= Carctol =

Ineffective herbal cancer treatment

Carctol is an ineffective cancer treatment made by mixing eight Indian herbs. First promoted in 1968 by Nandlal Tiwari, it gained widespread popularity in United Kingdom.

Carctol has been aggressively marketed as being able to treat cancer and reduce the side-effects of chemotherapy. However, there is no medical evidence that it has any benefits whatsoever for people with cancer.

==Background==

Carctol is a herbal dietary supplement marketed with claims it is based on traditional ayurvedic medicine. It is made from Hemidesmus indicus, Tribulus terrestris, Piper cubeba, Ammani vesicatoria, Lepidium sativum, Blepharis edulis, Smilax china, and Rheum australe (syn. R. emodi).

It was In 2009, Edzard Ernst wrote that it was still promoted in the United Kingdom; public relations companies hired by its sellers had garnered it wide coverage on the web and, according to the British Medical Journal, in the media generally.

==Criticism==

Edzard Ernst has noted a complete absence of any form of scientific evidence to assert that carctol is any beneficial to cancer patients.

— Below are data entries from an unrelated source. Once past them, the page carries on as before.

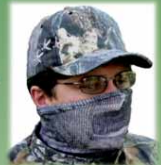
SF315MO Mossy Oak
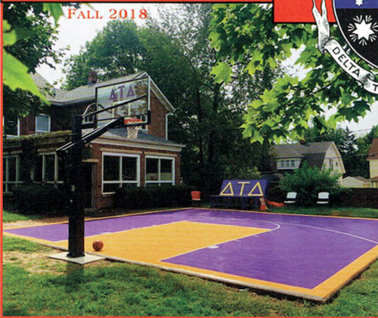
Newly renovated basketball court with Delta Tau Delta themes.
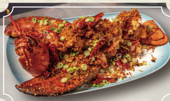
F02. Wok Fried Lobster in Garlic Sandstorm 避風塘龍蝦 ..... 40/lbs
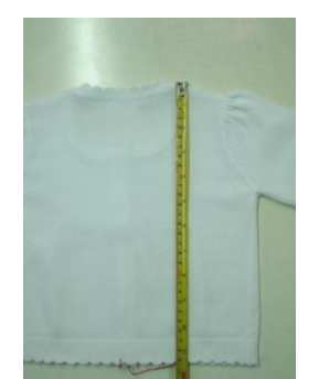
Figure 2 : Back length
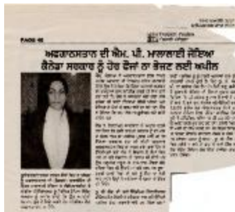
[Newspaper article titled, Aghanistan M.P. Malalai Joya appeals to the Canadian government to send no more troops] (2022_01_01_03_019)
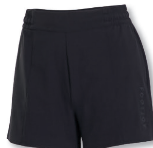
11 | 30714 black logo _____

Fabric: 87% polyester, 13% spandex Size: S-XXL
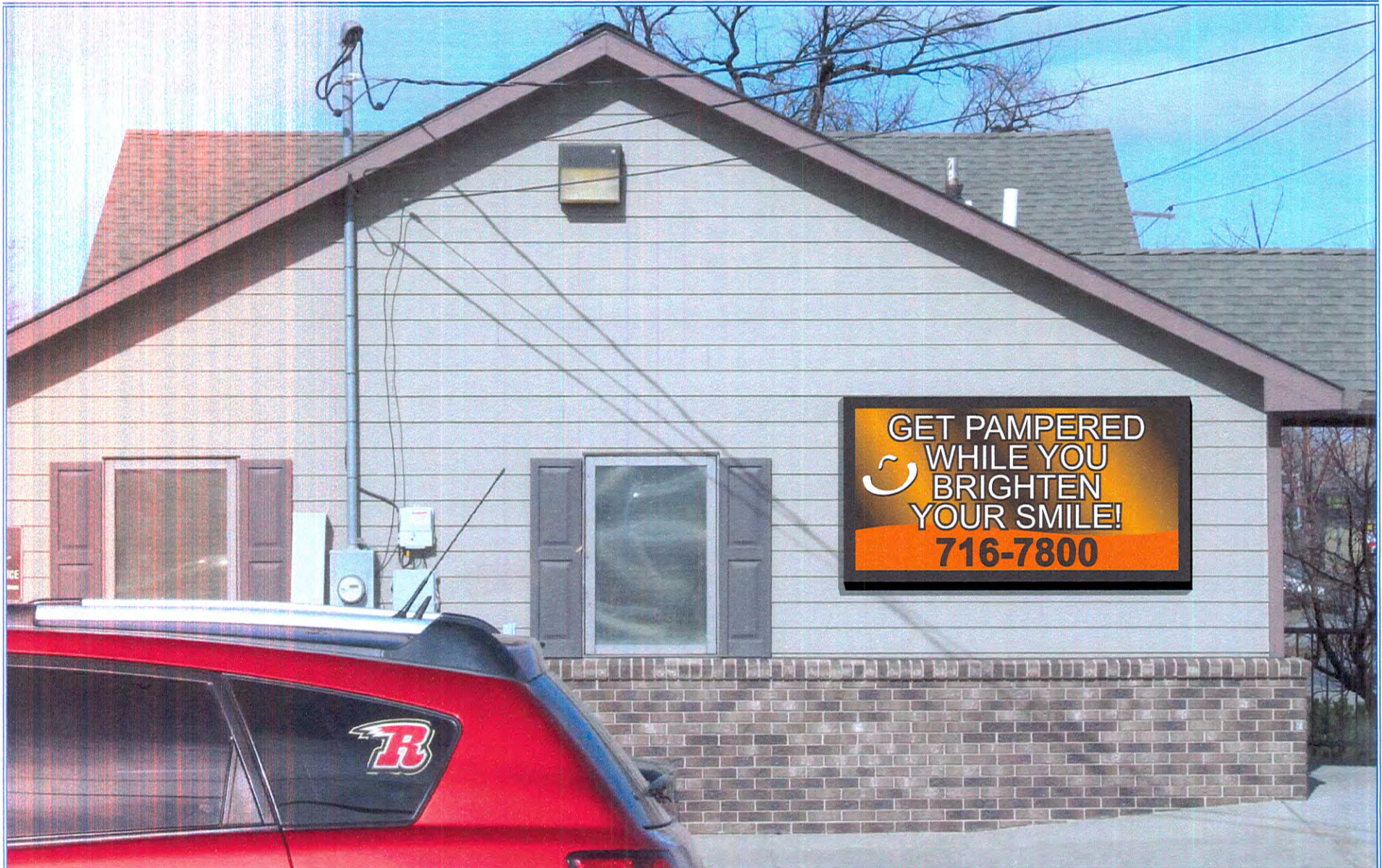
3' 7 5/16" x 6' 9 1/8" Full Color message center
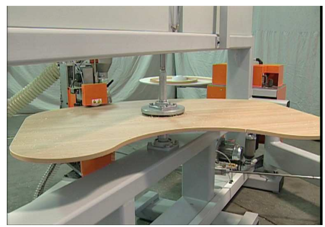
Second phase: Trimming of the edge

Maggi Engineering Woodworking machineryVia delle Regioni, 299 | 50052 CERTALDO (FI) Itay | Tel.: +39 0571 635488 | Fax: +39 0571 664275<br/>E-mail: sales@maggi-engineering.com | Web site: www.maggi-engineering.com
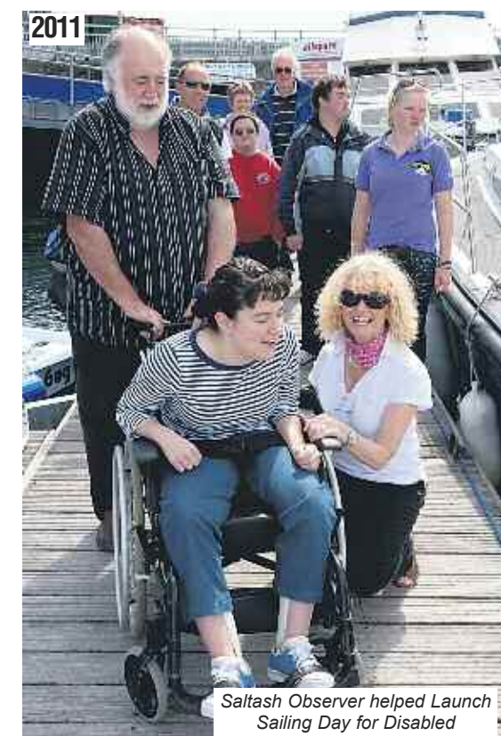
Saltash Observer helped Launch Sailing Day for Disabled

years from 5th anniversary through to 25th year; including one of the best attended local quizzes and fun nights arguably ever seen in the area. Amusingly, I recall at one such fund-raising event Mary had to stop at 310 people as the venue had run out of usable space and seating; yet despite that, dozens more people were queuing to come in, hoping to acquire a last seat in the house. People wanted so much to support Mary's fund raising efforts! A joy to behold! Pleasingly, all the paper's Anniversaries have been
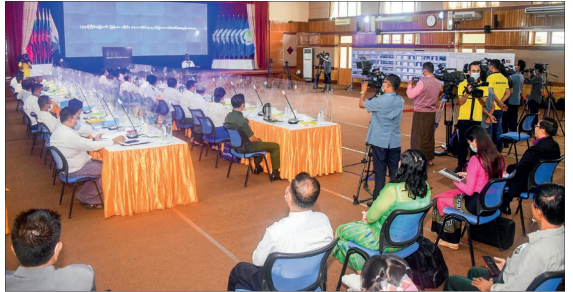
May-General Zaw Min Tun is seen answering questions raised by one correspondent at the 17 th press conference.

THE country repays about $700million of local and foreign loans every year, said Deputy Minister for Information Maj-Gen Zaw Min Tun during the 17th press conference held yesterday.
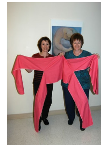
Figure 4. The KMC wrap.

The thari is made out of Polyester-cotton material. It can be machine-washed and tumble dried. Ironing – medium steam setting.
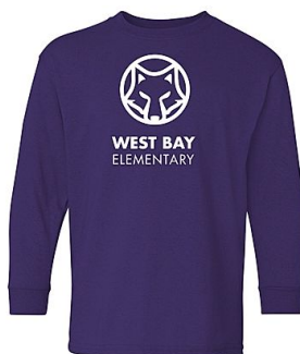
YOUTH T SHIRT $23.25

Will go live first thing on 6 January and will remain open for ordering until 11:59 PM on 20th January
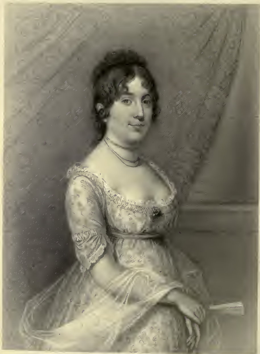
MRS. JAMES MADISON,
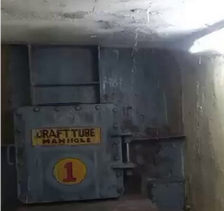
of increased water flow.

TPN Correspondent, Hyderabad : Concerns are mounting over the safety of the Srisaillam Left Bank Hydropower Station, as water leakage has been reported near the draft tube on the zero floor of the plant. The issue has raised alarms among engineers and experts, who fear significant damage if immediate action is not taken. The Srisaillam and Nagarjuna Sagar projects, constructed on the Krishna River, play a vital role in providing electricity, irrigation, and drinking water to the Telugu states. While the Nagarjuna Sagar project is built with stone and is considered structurally robust, the Srisaillam project's location on riverbanks has made it more vulnerable, especially during periods
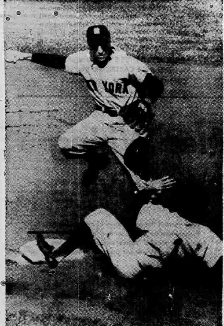
HURDLES —Yankee shortstop Phil Rizzuto leaps high to avoid the sliding Pee Wee Reese after making the force on the Dodger shortstop in the first inning of the fifth World Series game at Ebbets field in Brooklyn. Duke Snider's grounder to Billy Martin started the play. The Dodgers won, 5-3.

Ottawa—(U.P.)—Evangelist Billy Graham said Sunday night he thought the Brooklyn Dodgers would win the World Series but said he wished they wouldn't play ball on Sundays.
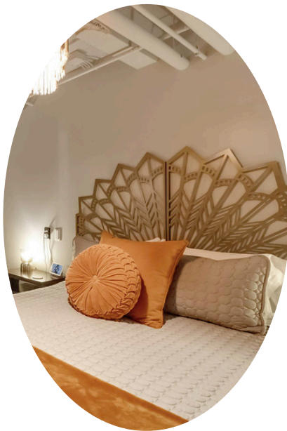
Hotel Rooms $ 1, 3 2 5 + $ 1 5 6 tax
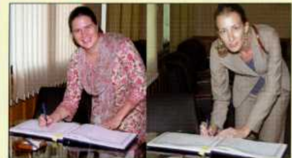
Below: British High Commission delegates putting down their visit notes in the Visitors book at PHQ J&K Srinagar on October 18, 2010
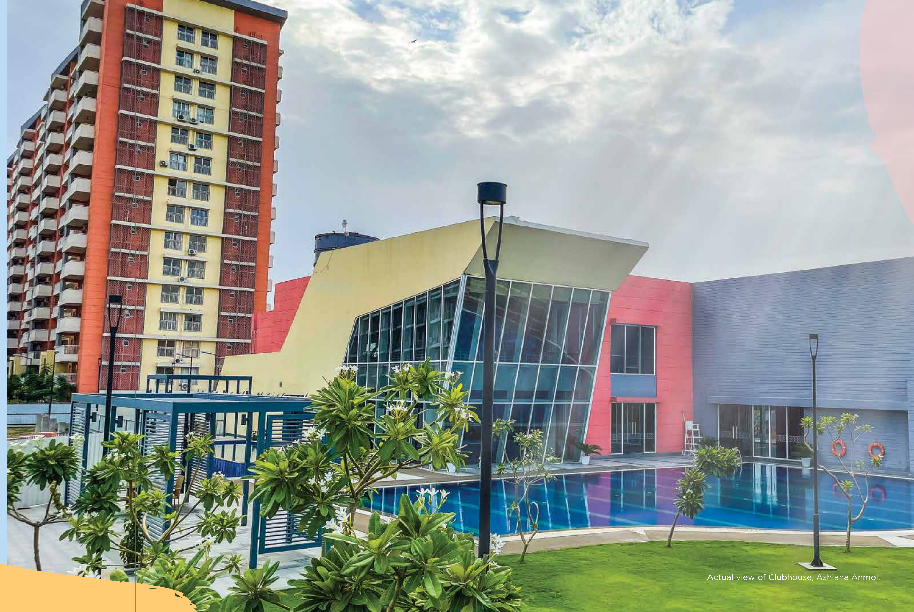
Actual view of Clubhouse, Ashiana Anmol.

Not only the children, but even you will get your own recreational spaces. The Clubhouse here has all the finest amenities, where you can unwind over a game of billiards or simply hang out with friends and make new ones every day. So that while your children are discovering new passions, so are you.

A few studies about the chemical composition of carctol along with inconclusive surveys of patients who used it were noted to be published in non-peer reviewed journals.

Cancer Research UK say of carctol, "available scientific evidence does not support its use for the treatment of cancer in humans".

Harriet A. Hall includes carctol among the biologically-based remedies promoted by naturopaths. Hall laments that frauds and quacks persistently try to take advantage of the vulnerability of cancer patients.